Puis, soudain, Jordan l’aperçut, à quelques étages en dessous, agrippé à la rambarde de la terrasse, ses épaules affaissées par la fatigue. Gabriel semblait sur le point de glisser, ses mains crispées sur la rambarde comme si elles tenaient à peine le poids de son corps. Jordan se précipita vers lui, son cœur battant à tout rompre, partagé entre le soulagement et une colère sourde.

- Gabriel ! s’exclama-t-il, retenant à peine son émotion. Qu’est-ce que tu fais ici ? Tu devrais être dans ta chambre, tu viens à peine de sortir du coma…

Gabriel tourna lentement la tête vers lui, ses yeux reflétant un mélange de douleur et de défi.

- JUSTEMENT ! cracha-t-il, la voix brisée. J’ai déjà perdu assez de temps ici…Je veux sortir, maintenant.
- Mais t’es sérieux, Gabriel ? s’indigna Jordan, le regard intense. Tu comptes juste partir, et après ? Dis-moi, qu’est-ce que tu vas faire en sortant de cet hôpital sans rien changer ? Tu penses que tout va s'arranger comme ça ?

Jordan attendit une réponse, mais Gabriel restait muré dans un silence obstiné, ses yeux évitant ceux de Jordan. Il semblait emprisonné dans ses propres souffrances, se refermant comme une coquille, incapable d’affronter ce qui le rongeait vraiment. Jordan le fixa, le cœur serré, comprenant peu à peu que Gabriel refusait de laisser quiconque approcher ses failles, par peur d’être encore trahi ou déçu.

Il soupira, puis reprit d'une voix plus douce, mais empreinte d’une détermination inébranlable.

- Tu sais pas, hein ? Ben moi je sais. Si tu sors maintenant, tu vas te retrouver seul, face aux journalistes, face à tout ce que tu fuis. Et qu’est-ce qui va se passer ensuite, hein ? Tu retournes au boulot, tu continues tes traitements, et au moindre coup dur, tu t’effondres à nouveau. Jusqu’à ce que… jusqu’à ce que…

Gabriel détourna le regard, mais Jordan vit une lueur de défi se mêler à une profonde résignation.

- Et alors ? C’est ce que tu veux, non ? Si je meurs, il n’y a plus de rivalité, plus de concurrence… Alors pourquoi tu t’obstines à vouloir me sauver ? répliqua Gabriel, une lueur de défi et de résignation dans les yeux.

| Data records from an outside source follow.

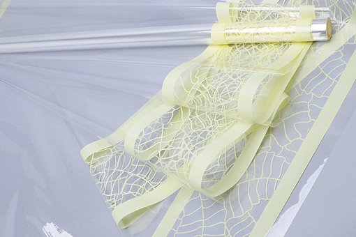 Пленка в ролике пр+цв.рис.Кайма листья цветные желтый нежно 70см 200гр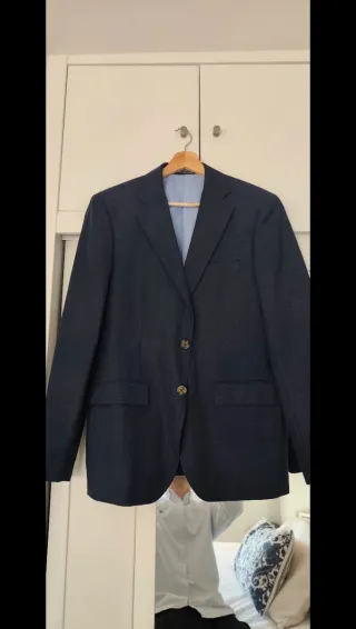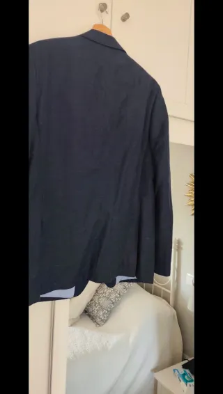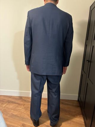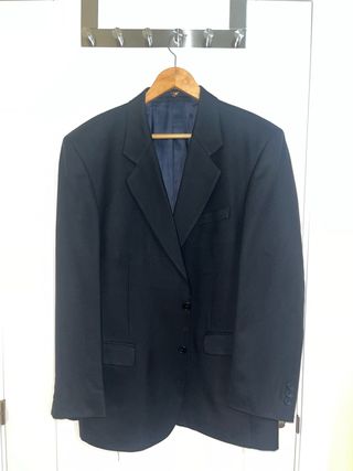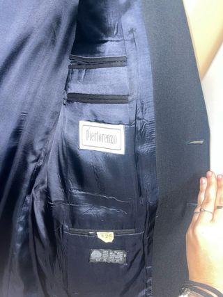 Traje de chaqueta azul. 100% lana Modelo mide 1,78 y pesa 84kg Tiene que pasar por el tinte ya que presenta alguna manchilla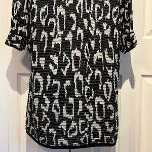 Olsen Europe Black/White Patterned Cardigan Size M (10) Nwot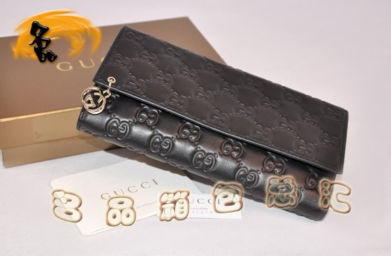 - 212104 GUCCI長款錢包 GUCCI經典雙G牛皮壓花女士錢包 專柜品質 黑色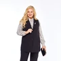 Элегантные прилегающие брюки тёмно-синего цвета из качественной костюмно-плательной ткани. Модель с классической посадкой, спереди застёгивается на молнию для удобства. Дополнительный комфорт обеспечивает пояс с вставками из резинки по бокам. Длина изделия по боковому шву составляет 103 см, что делает брюки идеальным выбором для создания делового образа.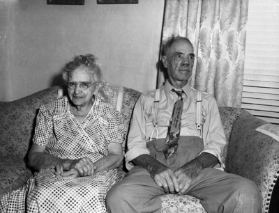 Julimus Belle Donnell and A. P. (Albert Pierce) Donnell, ages 82 and 83 at the time of this photo, are shown sitting side by side on a couch. The couple is one of many that attended the Cowboy Reunion held at Seymour. All of the couples in attendance at one point lived in Baylor county. In a contest held at the reunion for couples living in Baylor county whose combined age made the highest total, the Donnells were one half of the winning tie, with 165 years between them. Published in the morning edition, July 30, 1950.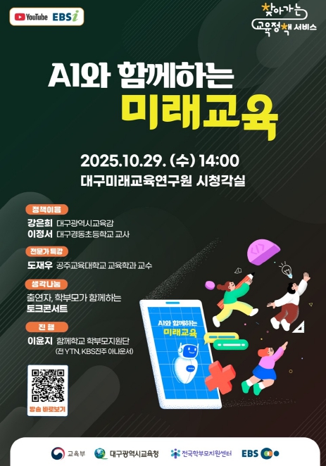 이번 행사는‘AI와 함께하는 미래교육’을 주제로 학부모가 국가 및 지역 교육정책의 방향을 이해하고, 정책 형성과 실행 과정에 참여할 수 있도록 돕기 위해 마련된 자리로, 대구시교육청과 교육부가 공동 주최하고 한국교육방송공사(EBS)가 주관한다.

La remarque, cinglante, coupa Jordan net. Il resta silencieux un instant, la mâchoire serrée, luttant contre l’amertume qui montait en lui. Puis, dans un souffle, il répondit, plus doucement cette fois :

- Gabriel… la vie ne se résume pas à la politique. Tu crois vraiment que tout le monde te voit comme un rival ? Tu as des gens qui tiennent à toi, qui… qui ne te considèrent pas seulement comme un pion dans un jeu. Tu as pensé à ta famille ? À tes amis ? À tous ceux que tu laisserais derrière toi ?

À ce moment-là, le médecin arriva en courant et, ensemble, ils soutinrent Gabriel pour le remonter dans sa chambre. Alors qu’ils le ramenaient, Jordan sentit une vague de tristesse l’envahir. Il savait que Gabriel cachait des blessures profondes, mais en cet instant, il ne voyait qu’un homme épuisé, brisé, tentant de s’accrocher à une lueur d’espoir qui semblait si loin.